We will update our valuation for Rite Aid after the fiscal 2014 earnings release.
Wellness Store Remodels Remains A Key Growth Strategy
Loyalty programs such as the Wellness+ program have been one of the key factors driving growth in Rite Aid’s pharmacy sales, as well as front-end sales. The Wellness+ program helps strengthen the relationship with customers, which in turn increases the number of loyalty shoppers at Rite Aid. It remains a key component of Rite Aid’s health and wellness offering.
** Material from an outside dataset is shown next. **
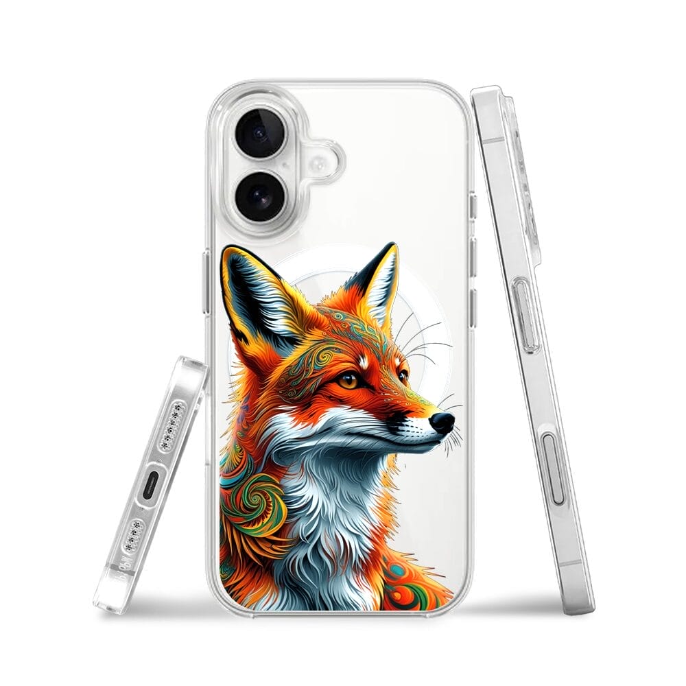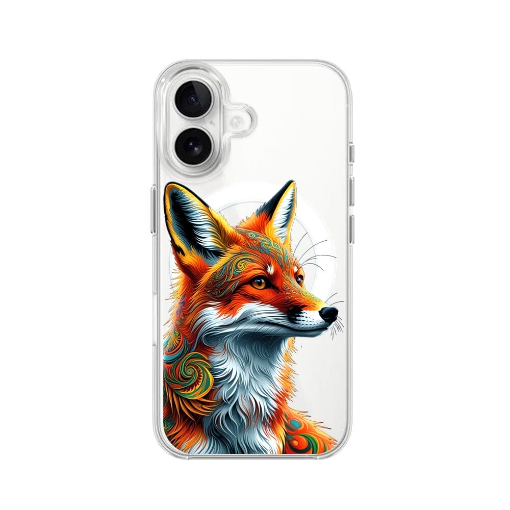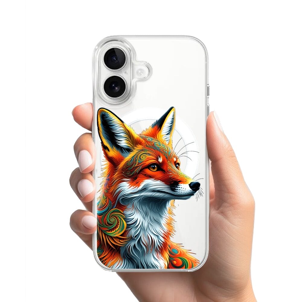 Etui do iPhone 16 z MagSafe przeźroczyste, silikonowe Flexi, Dzika Mandala, Twarz lisa
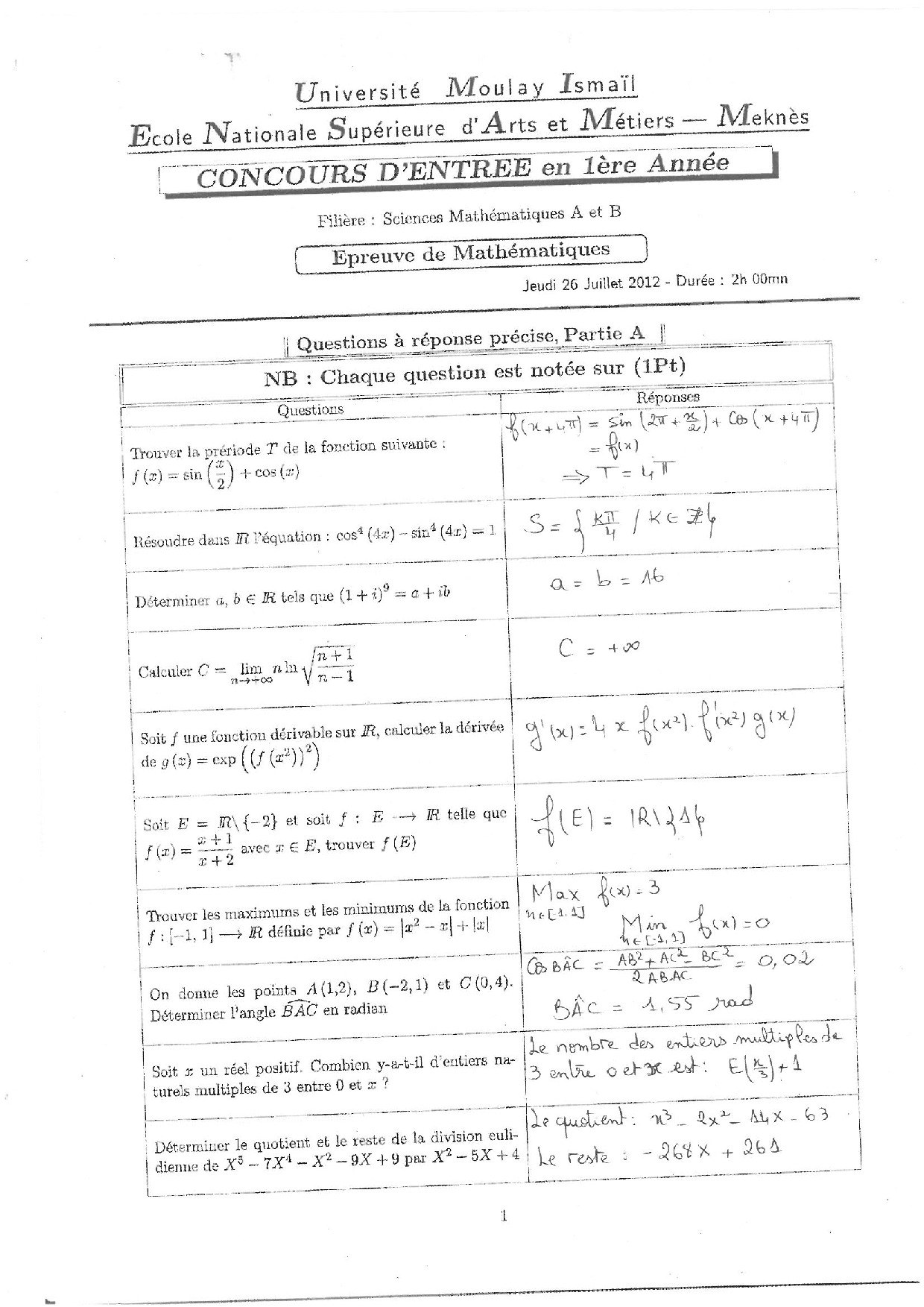 Concours d'entrée ENSAM 2012 Sciences Maths (Maths) - Corrigé

The company made significant progress in transforming its stores into true neighborhood destinations for health and wellness in fiscal 2014. Last quarter, Rite Aid completed 94 remodels, 3 expansions and 2 relocations, taking the total number of Wellness stores to 1,215. It plans to remodel an additional 450 stores in fiscal 2015.
The Wellness store continues to outperform the non-wellness stores in terms of same-store front-end sales and script count. In fiscal 2014, front end same-store sales in the wellness stores exceeded the non-wellness stores by 3.2 percentage point and script growth in the wellness stores exceeded the non-wellness stores by 1 percentage point.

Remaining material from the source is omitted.